A Producer stands for the process scanning for files matching a schema, reading the files and the lines and sending the data to a server topic.

Data content

As the schema was not mapped to any server schema, the Producer automatically create a schema on the server. The payload contains all the columns plus some extra metadata about the file/row. One file is loaded as one Kafka transaction and renamed after processing to either .error or .processed.

Extension points

To extend this application and use it beyond the editing capabilities, own code can be added via various ways.

  • The directory /usr/local/tomcat/conf/rtdiconfig/ contains all settings in the form of json files. Might be a good idea to hook up a host directory into this location.
  • As it is based on docker, any customizations docker allows can be applied
  • The base image is a tomcat webserver, which allows adding more web applications and files

Licensing

This application is provided as dual license. For all users with less than 100'000 messages created per month, the application can be used free of charge and the code falls under a Gnu Public License. Users with more than 100'000 messages are asked to get a commercial license to support further development of this solution. The commercial license is on a monthly pay-per-use basis.

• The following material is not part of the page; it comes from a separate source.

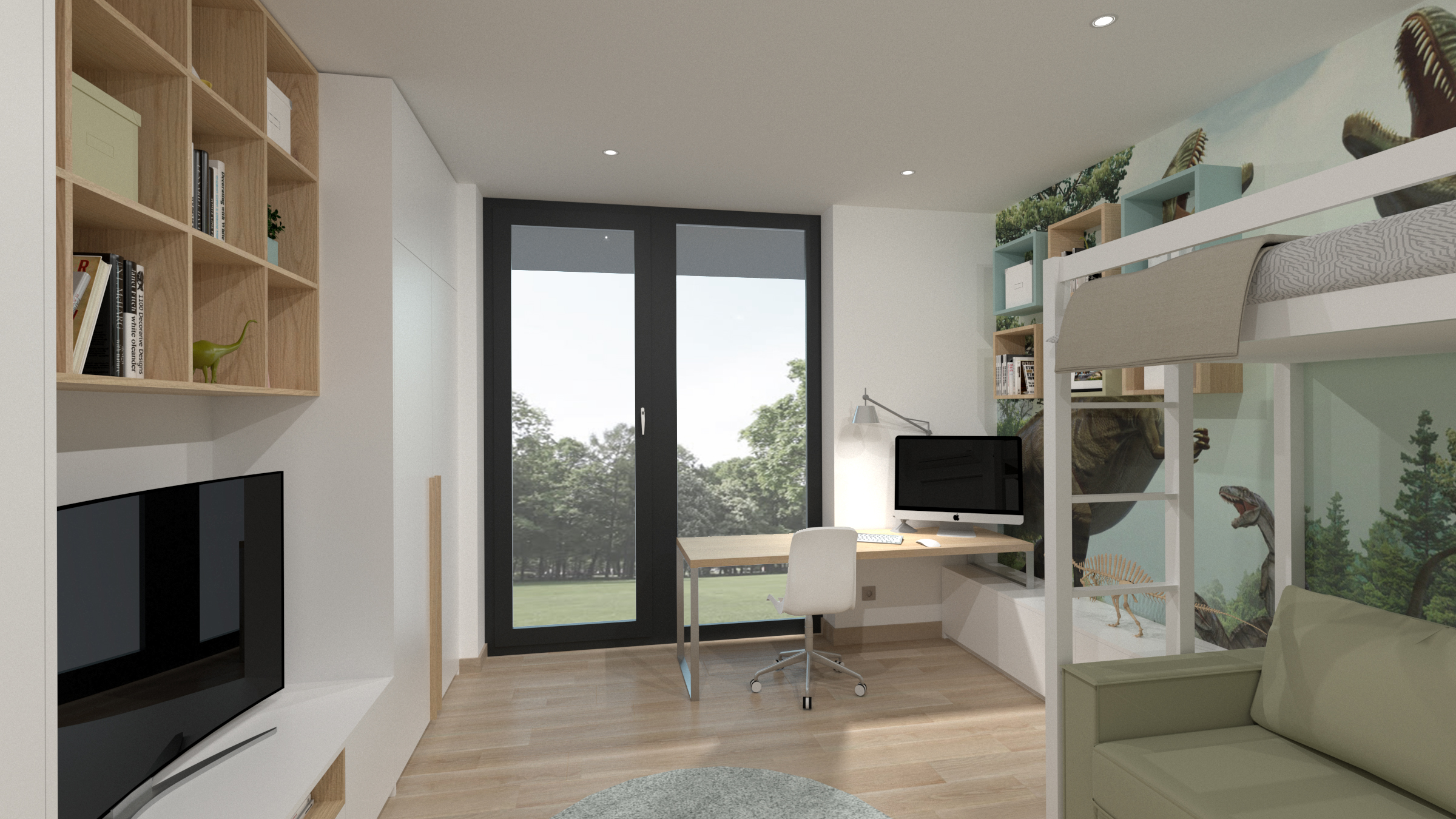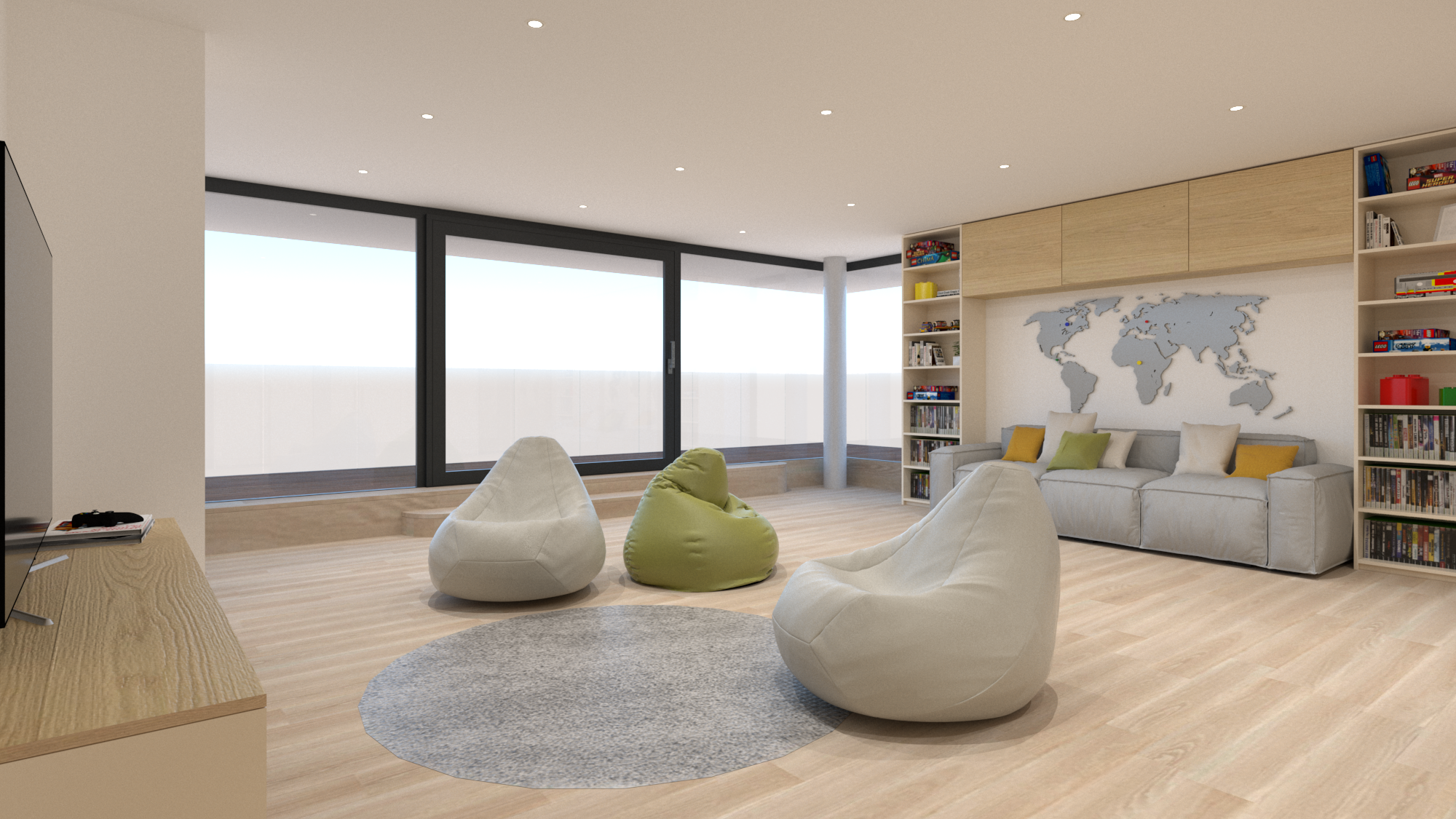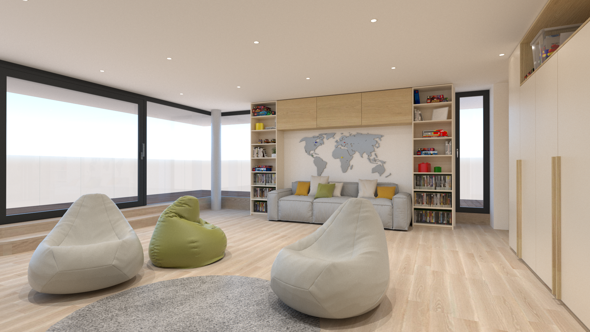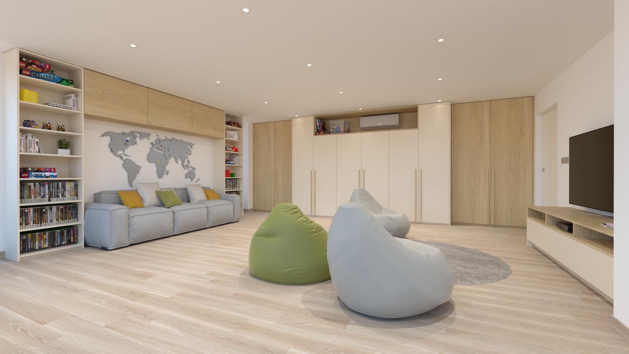 Súčasťou návrhu je aj detská izba, spálňa, herňa a vináreň – každá z miestností nadväzuje na celkový štýl a atmosféru interiéru.

Data protection and privacy

Every ten minutes the application does send the message statistics via a http call to a central server where the data is stored for information along with the public IP address (usually the IP address of the router). It is just a count which service was invoked how often, no information about endpoints, users, data or URL parameters. This information is collected to get an idea about the adoption. To disable that, set the environment variable HANAAPPCONTAINERSTATISTICS=FALSE.